BATTLE:035【イクサ、付き人になる】

 今回、バトル描写は無いです。

 バトル描写が無いのに次話投稿がこんなに長くなってしまいすみません!

「えーと、次の買い物は……」


 真夏の炎天下の中、イクサはたくさんの買い物袋を持ちながら歩いていた。

 ずっしりと重い買い物袋を両手に持ち、思うことはただ1つ。


「なんで俺、こんなことしてるんだろ……」


 思わずそう口に出してしまうくらい、イクサの精神は疲弊していた。あまりの暑さで大粒の汗が額から流れている。

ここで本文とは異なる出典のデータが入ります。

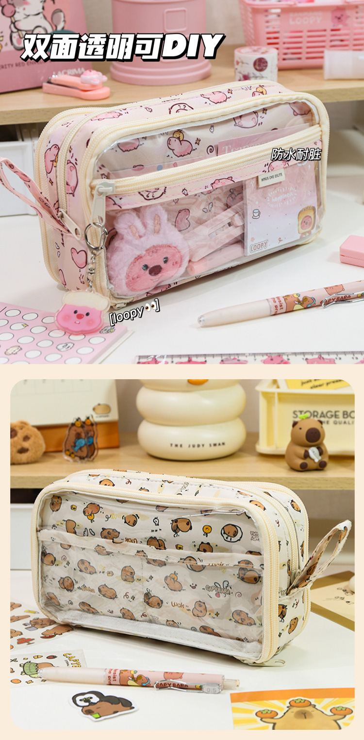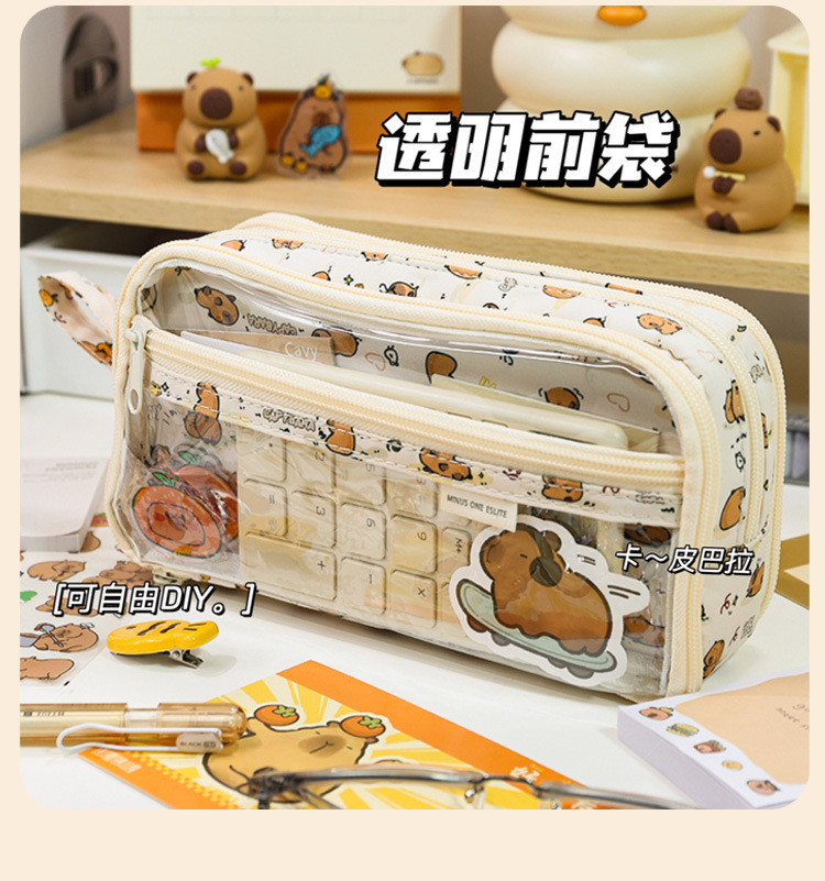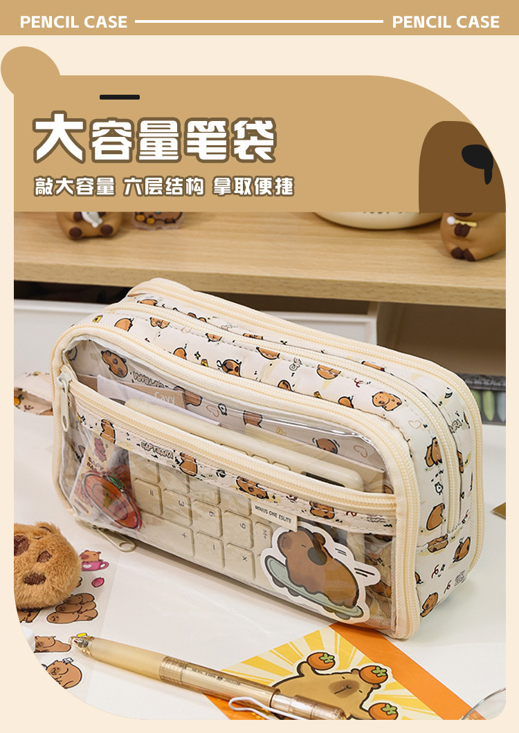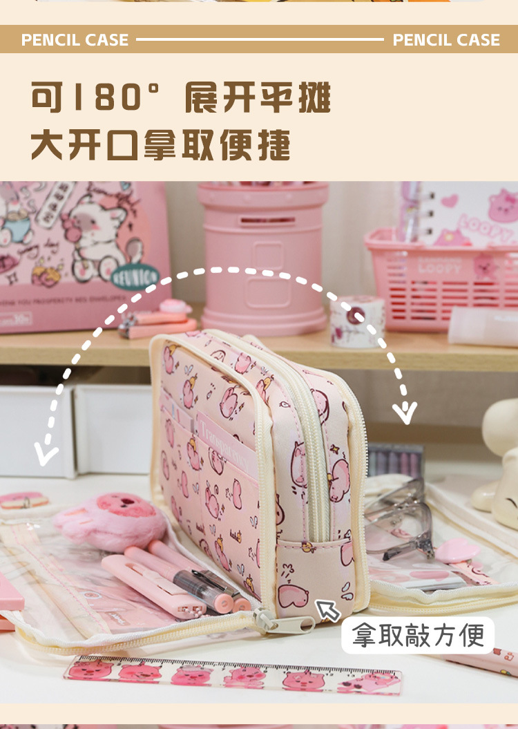 【开学季!透明大容量笔袋】韩国女ins风高颜值diy文具盒小学生铅笔盒男,可180°展开平摊 大开口拿取便捷。ry

 そもそもの発端は、東栄学園全員での全国大会本選出場が決定した日、カイトがお祝いパーティーをしようとLINEで呟いたことである。

 3日前のことだ。


【東栄学園カードバトル部(5)】


【カイト】<せっかくだから、お祝いパーティーやらない?>

18:05


【聖野イクサ】<やってもいいけど、いつやるの?>

既読4

18:06


【ナミちゃん最強】<お、イイね!(*^▽^*)>

18:07


【園生リンナ】<リンナは賛成なのだー>

18:11


【Yuki】<俺も賛成だけど、聖野くんが言うようにいつやるのか、あと、やる場所はどこにするんだい?>

18:11


【カイト】<やるのはまあ、3日後くらいで。場所はこのグループの誰かの家で(汗)>

18:13


【聖野イクサ】<じゃあカイトの家でやればいいんじゃない?>

既読4

18:14


【カイト】<ごめん、俺ん家ムリ。親に怒られる(>_<)>

18:15


【聖野イクサ】<おい言い出しっぺ>

既読4

18:15


【カイト】<(;¬3¬)~♪>

18:17


【ナミちゃん最強】<私ん家も駄目かなぁ、そもそもそんな大人数入れるスペース無いし>

18:20


【園生リンナ】<パパとママが駄目なのだー(泣)>

18:23


【Yuki】<その日は親戚の人達が泊まりに来るからうちも無理かな。聖野くんの家はどう?>

18:25


【聖野イクサ】<俺ですか? まあ大丈夫ですよ。母さんは仕事で家にいないんで>

既読4

18:25


【カイト】<んじゃ、イクサの家で決まりってことで!>

18:27


【聖野イクサ】<そういえば、お祝いパーティーって具体的になにやるの? 買うものとかある?>

既読4

18:31


【カイト】<まあ、そりゃあお祝いしたり飲んだり食べたり……だろ?>

18:33


【Yuki】<じゃあ、飲食物とか買うものを決めて、聖野くんの家で集合でどうかな?>

18:34


【カイト】<お、それいいですね!>

18:35


【聖野イクサ】<飲食物って、具体的にはどんな……>

既読3

18:36


【ナミちゃん最強】<そういえば、イクサって料理すっごい得意だよね!>

18:36


【カイト】<マジか。イクサ、最近流行りの料理できちゃう系男子だったのか。嫁に来てくれ>

18:37


【ナミちゃん最強】<ホモォ┌(^q^┐)┐>

18:37


【聖野イクサ】<嫌だよ気色悪い>

既読3

18:38


【カイト】<それな。俺も言ってて吐き気した>

18:38


【ナミちゃん最強】<ならなぜ言ったし(´・ω・`)>

18:38


【Yuki】<料理が得意なら、飲食関係は聖野くんに任せようかな>

18:40


【聖野イクサ】<え……でも、俺そんなに得意じゃないですよ?>

既読3

18:41


【カイト】<仕方ないな。じゃあ、俺が作ってやろう>

18:42


【聖野イクサ】<東條部長、精一杯作らせていただきます>

既読3

18:43


【カイト】<俺が作ると不安かいイクサくん? ん?(# ̄З ̄)>

18:44


【聖野イクサ】<だってお前、この前家庭科の授業で肉焦がしてフライパン駄目にしたでしょ>

既読3

18:45


【カイト】<楽しかったろ?>

18:50


【聖野イクサ】<いや全然。俺まで怒られたし>

既読3

18:51



 というようなやり取りがあり、イクサは夜中のお祝いパーティーに備えて、買い出しをしているのだ。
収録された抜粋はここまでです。